The district judge did not grant the relief Mr. Mason sought; the judge did amend the life sentences but only to make explicit that the sentences imposed by the court did not restrict parole eligibility. Mr. Mason filed a motion to reconsider the sentence as modified under La.C.Cr.P. art. 881.1 A(1), which the district court denied, and properly preserved the issue for appellate review under La.C.Cr.P. art. 881.2 A(1). He argued that the remedy selected by the district court was itself an illegal sentence—one not authorized by the Legislature—and again argued that the district court should re-sentence Mr.
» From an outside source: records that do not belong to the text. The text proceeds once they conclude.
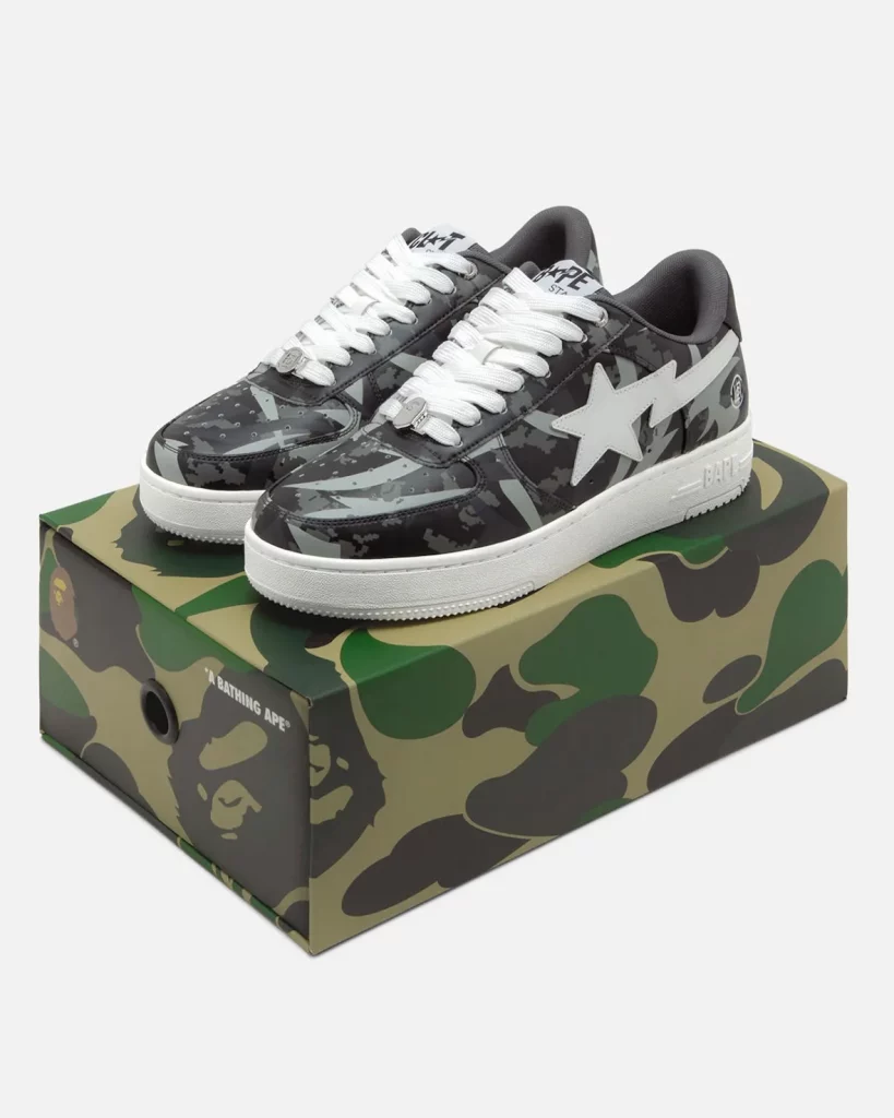 The traditional BAPE Sta construction ensures comfort and durability, with its padded collar and classic rubber sole completing a shoe that’s both fashionable and functional.
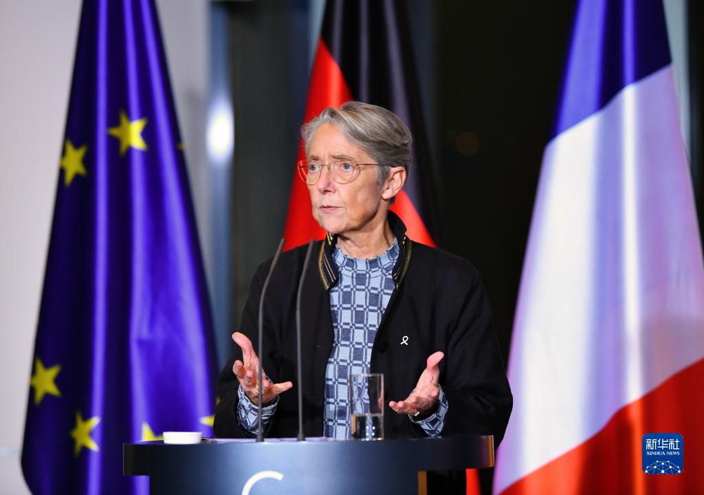 11月25日,在德國柏林總理府,法國總理博爾內同德國總理朔爾茨(未在畫面中)出席新聞發布會。
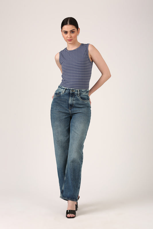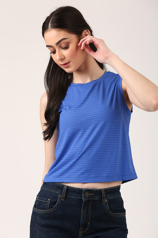 Slate Blue Striped Sleeveless Tank Top
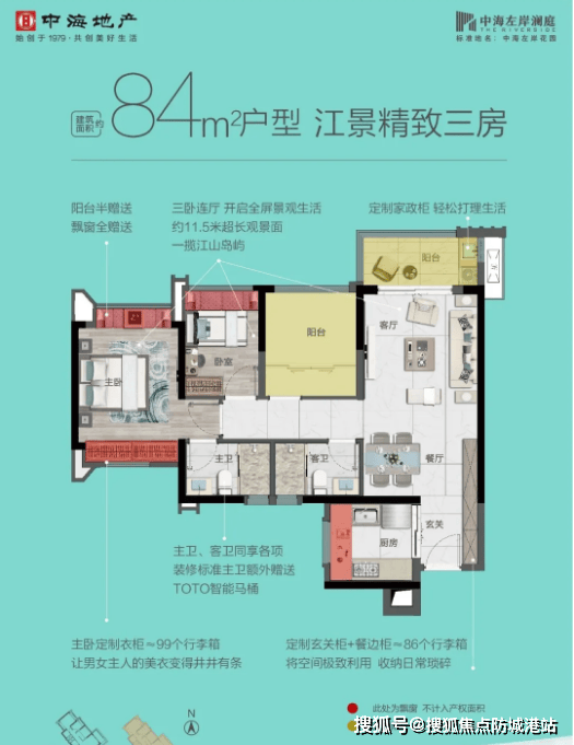 1. 三房两厅一卫(约84㎡):该户型为项目主力刚需户型,适合三口之家居住,紧凑实用,空间利用率高,总价适中,是刚需家庭的首选户型。入户设有独立玄关,可放置鞋柜、收纳柜等,提升空间利用率,同时保障室内私密性,彰显归家仪式感;客厅方正宽敞,连接南向全景阳台,采光通风极佳,阳台视野开阔,可俯瞰社区景观,客厅可作为休闲、娱乐、用餐的多功能空间,满足日常家庭互动需求;餐厅与客厅相连,动线流畅,方便日常用餐,同时预留餐桌位置,适配小家庭用餐需求。
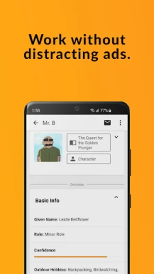 • Keep track of what makes your characters unique with custom character sheets for your novels, short stories, and TTRPGs.
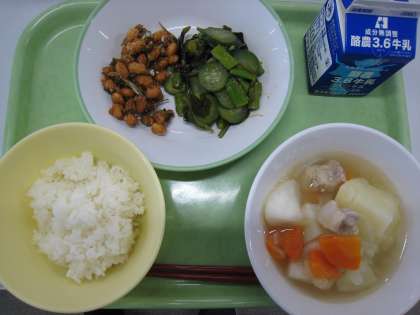 10月14日(金) 今日の給食は? 公開日 2022/10/14 更新日 2022/10/14 八尾中学校のページ 今日のメニューは、 1 ごはん 2 牛乳 3 小魚入りフライビーンズ 4 海藻サラダ 5 ポトフ です。 「ポトフ」はフランス語で「火にかけた鍋」という意味です。鍋に肉の塊や野菜を入れてじっくりと煮込むフランス料理です。今日の給食は豚肉ですが、本来は牛肉を使うそうです。これからの寒い時期、温かいものを食べて栄養をとりましょう。

Mason to a definite term of twenty years at hard labor on each count, which was the legislatively provided maximum sentence for the next lesser-included offense of attempted aggravated rape.
The district court denied the motion to reconsider.
Mr. Mason did not insist at sentencing that the proposed twenty-year sentences necessarily be served concurrently.
After the hearings in the district court and the lodging of the record in this court as well the submission of briefs by Mr. Mason and the district attorney, the Louisiana Supreme Court in State v. Shaffer, 11–1756 (La.11/23/11), 77 So.3d 939 (per curiam), directed how Louisiana courts would comply with the Graham decision. We have had occasion already to follow Shaffer in our decision in State v. Richards, 2011–0349 (La.App. 4 Cir. 12/1/11), 78 So.3d 864. We thus directed the parties to the appeal to file supplemental briefs to address these recent developments.
While we apply the rationale of Shaffer and Richards, we note that it is not necessary to direct the Department of Corrections to calculate a date for Mr. Mason's eligibility for parole consideration because he is eligible for parole consideration immediately. We thus amend the sentences imposed to sentences of natural life, and direct the Department of Corrections to revise Mr. Mason's prison master according to the criteria in La. R.S. 15:574.4 A(2) to reflect an immediate eligibility date for consideration by the Board of Parole.
We explain our holding in greater detail in the following Parts.
I
The essential holding of Graham is that “[t]he Constitution prohibits the imposition of a life without parole sentence on a juvenile offender who did not commit homicide.” 560 U.S. at ––––, 130 S.Ct. at 2034. “A State need not guarantee the offender eventual release, but if it imposes a sentence of life it must provide him or her with some realistic opportunity to obtain release before the end of that term.” Id. (emphasis added). When the offense is committed before the offender's 18th birthday, the offender must be given “some meaningful opportunity to obtain release based on demonstrated maturity and rehabilitation.” 560 U.S. at ––––, 130 S.Ct. at 2057. He must be afforded the opportunity “to demonstrate that the bad acts he committed as a teenager are not representative of his true character.” 560 U.S. at ––––, 130 S.Ct. at 2033. He may well spend his imprisonment “attempting to atone for his crimes and learn from his mistakes.” Id.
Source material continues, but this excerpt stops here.